Era um casarão grande, de dois andares, rés-do-chão, chácara cheia de
fruteiras, rico de salas, quartos, alcovas, povoado de parentes,
contraparentes, fâmulos, escravos; e a escada que servia os dois pavimentos,
situada um pouco além da fachada, a desdobrar-se em toda a largura do prédio,
era iluminada por uma grande e larga clarabóia de vidros multicores. Todo ele
era assoalhado de peroba de Campos, com vastas tábuas largas, quase da largura
da tora de que nasceram; e as esquadrias, portas, janelas, eram de madeira de
lei. Mesmo a cocheira e o albergue da sege eram de boa madeira e tudo coberto
de excelentes e pesadas telhas. Que cousas curiosas havia entre os seus móveis
e alfaias? Aquela mobília de jacarandá-cabiúna com o seu vasto canapé, de três
espaldares, ovalados e vastos, que mais parecia uma cama que mesmo um móvel de
sala; aqueles imensos consolos, pesados, e ainda mais com aqueles enormes
jarrões de porcelana da Índia que não vemos mais; aqueles desmedidos retratos
dos seus antepassados, a ocupar as paredes de alto abaixo - onde andava tudo
aquilo? Não sabia... Vendera ele, aqueles objetos? Alguns; e dera muitos.
Umas
cousas, porém, ficaram com o irmão que morrera cônsul na Inglaterra e lá
deixara a prole; outras, com a irmã que se casara para o Pará... Tudo, enfim,
desaparecera. O que ele estranhava ter desaparecido eram as alfaias de prata,
as colheres, as facas, o coador de chá... E o espevitador de velas?
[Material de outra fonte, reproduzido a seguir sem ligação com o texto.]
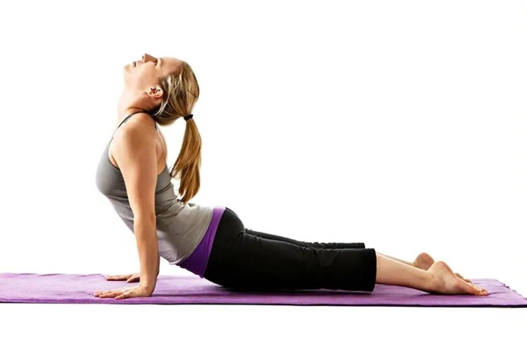 Allongez-vous sur le ventre sur le tapis, les deux jambes tendues vers l’arrière et rapprochées. Placez vos paumes à côté de votre cage thoracique, les coudes serrés vers votre corps. Pendant que vous inspirez, appuyez fermement entre vos mains, redressez vos bras et soulevez votre poitrine.
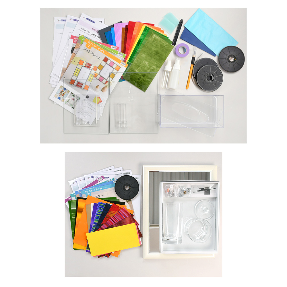 - 前編3作品用:作品図案×3、テクニックブック×3、フィルムセット×1、リード線×2、土台(フォトフレーム、ティッュケース、ガラス板)×各1、前編・後編共通:道具セット(ボーニングペグ、スキージー、霧吹きセット、マスキングテープ、専用クロス、チャコペーパー、リード線カッター、アートナイフ、トレーサー)×1
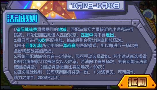 洛克王国第一届省际挑战赛在10月17日开始啦!小洛克们快点去参加吧,有丰富的奖励等着大家哦!洛克王国省际挑战赛怎么玩呢?下面小编就给大家详细介绍洛克王国省际挑战赛玩法吧。
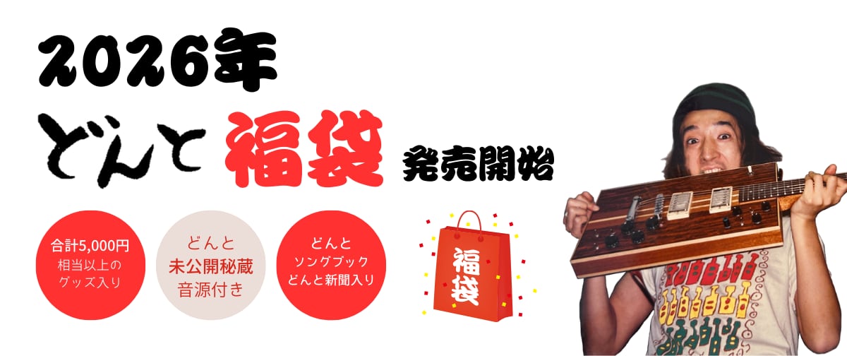 どんとオリジナルグッズや秘蔵音源などが入った特別な福袋です。 2026年新年の始まりにいかがですか? □福袋の内容 ・Tシャツ ・どんと非公開秘蔵音源 ・どんとソングブック ・どんと新聞 第8号(最新) ・他どんとオリジナルグッズなど 合計5,000円以上相当のグッズが入っています。 【ご購入に関する注意事項】 ※予定数量に達した時点で販売終了となります。 ※不良品などの理由で交換が発生した場合、福袋商品の性質上、交換前と同じ柄の商品をご指定いただくことはできませんので、ご了承ください。 ※商品内容に関する個別のお問い合わせにはお答えできかねます。 ※お客様都合による、返品・注文キャンセルはお受けできかねますのでご注意ください。
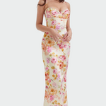 Impozantna maksi haljina s cvjetnim uzorkom koja isijava ženstvenost i eleganciju. Njeno usko krojenje ističe siluetu, dok dekolte s tankim naramenicama pruža osjećaj suptilne privlačnosti. Komad koji kombinira romantiku i luksuz, idealan za posebne prigode.
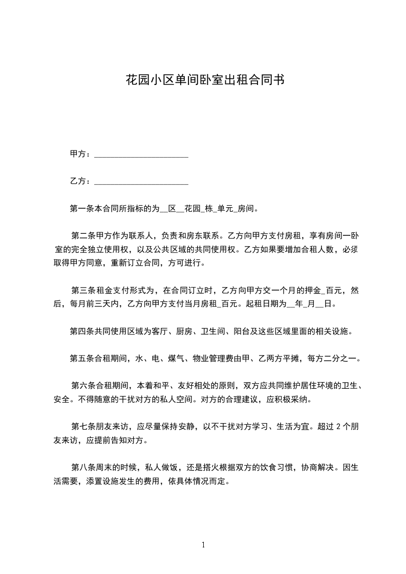 第二条甲方作为联系人,负责和房东联系。乙方向甲方支付房租,享有房间一卧室的完全独立使用权,以及公共区域的共同使用权。乙方如果要增加合租人数,必须取得甲方同意,重新订立合同,方可进行。
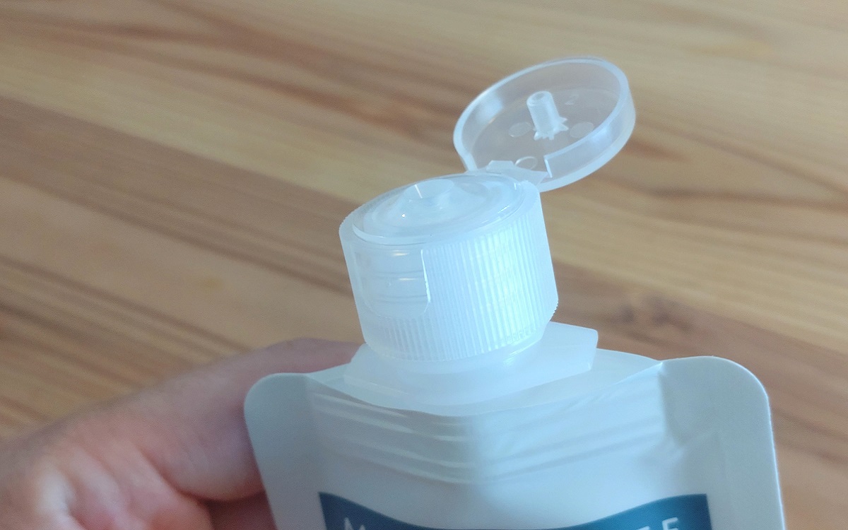 液体を入れ終わったら、しっかりとキャップを締めましょう。そしてキャップ上部の蓋を開ければ、少量ずつ出てくる口が出現! サラサラの液体だと多めに出てしまいますが、乳液やハンドクリームのような粘度のあるものだと本体を握ることで量の調節ができます。
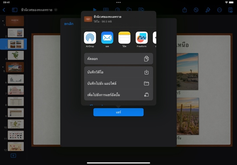 ส่งออกงานนำเสนอ โดยแตะ "เมนูการทำงาน"
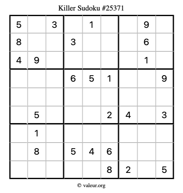 Here is our printable Killer Sudoku Puzzle #25371. You are welcome to print a copy for yourself and solve it the old-fashioned way with a pencil and an eraser!
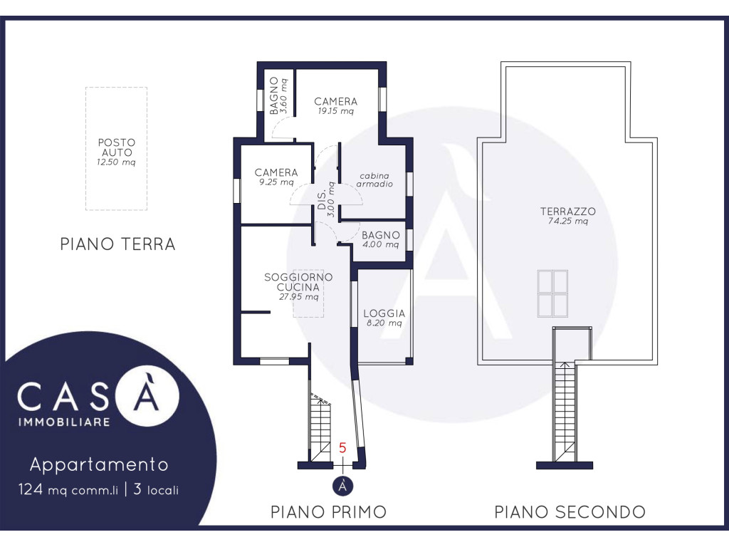 Piano Primo: Soggiorno cucina open space - Camera da letto matrimoniale - Cabina Armadio - Camera da letto singola - 2 Bagni - Loggia - Balcone
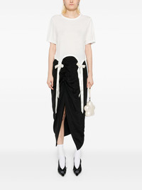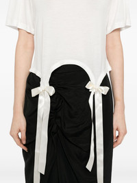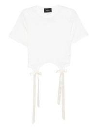 lyocell T-shirt Highlights - Ivory - Bow detailing - Crew neck - Short sleeves Imported Composition Lyocell 100% SIZE & FIT Model measurements Height 5 ft 9 in(1.76 m) Bust/Chest 31.1 in(79 cm) Hips 35.03 in(89 cm) Waist 24.4 in(62 cm) Measurement BUST 30.7 in(78 cm) LENGTH 16.53 in(42 cm) SLEEVE LENGTH 8.26 in(21 cm) Shoulder Width 12.59 in(32 cm) FittingInformation Designed for a boxy fit, intended for a loose fit throughout Made from a midweight non-stretch fabric, this piece offers minimal elasticity when worn Washing instructions Machine Wash
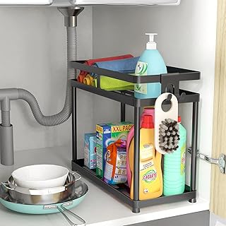 Apsan (エイプサン) 2段引き出しキャビネットオーガナイザー シンク下オーガナイザー 引き出し引き出し キッチンバスルーム用 スライドアウトパントリーシェルフ スライドアウトスパイスラックオーガナイザー キャビネット用 Sサイズ ブラック

Como ele se
lembrava desse utensílio obsoleto, de prata!
Era
com ternura que se recordava dele, nas mãos de sua mãe, quando, nos longos
serões, na sala de jantar, à espera do chá - que chá! - ele o via aparar os
morrões das velas do candelabro, enquanto ela, sua mãe, não interrompia a
história do Príncipe Tatu, que estava contando...
A
tia Maria Benedita, muito velha, ao lado, sentada na estreita cadeira de
jacarandá, tendo o busto ereto, encostado ao alto espaldar, ficava do lado, com
os braços estendidos sobre os da cadeira, o tamborete aos pés, olhando atenta
aquela sessão familiar, com o seu agudo olhar de velha e a sua hierática pose
de estátua tebana tumular. Eram os nhonhôs e nhanhãs, nas cadeiras; e as crias
e molecotes acocorados no assoalho, a ouvir... Era menino...
O
aparelho de chá, o usual, o de todo o dia, como era lindo! Feito de uma louça
negra, com ornatos em relevo, e um discreto esmalte muito igual de brilho -
donde viera aquilo? Da China, da Índia?
E
a gamela de bacurubu em que a Inácia, a sua ama, lhe dava banho - onde estava?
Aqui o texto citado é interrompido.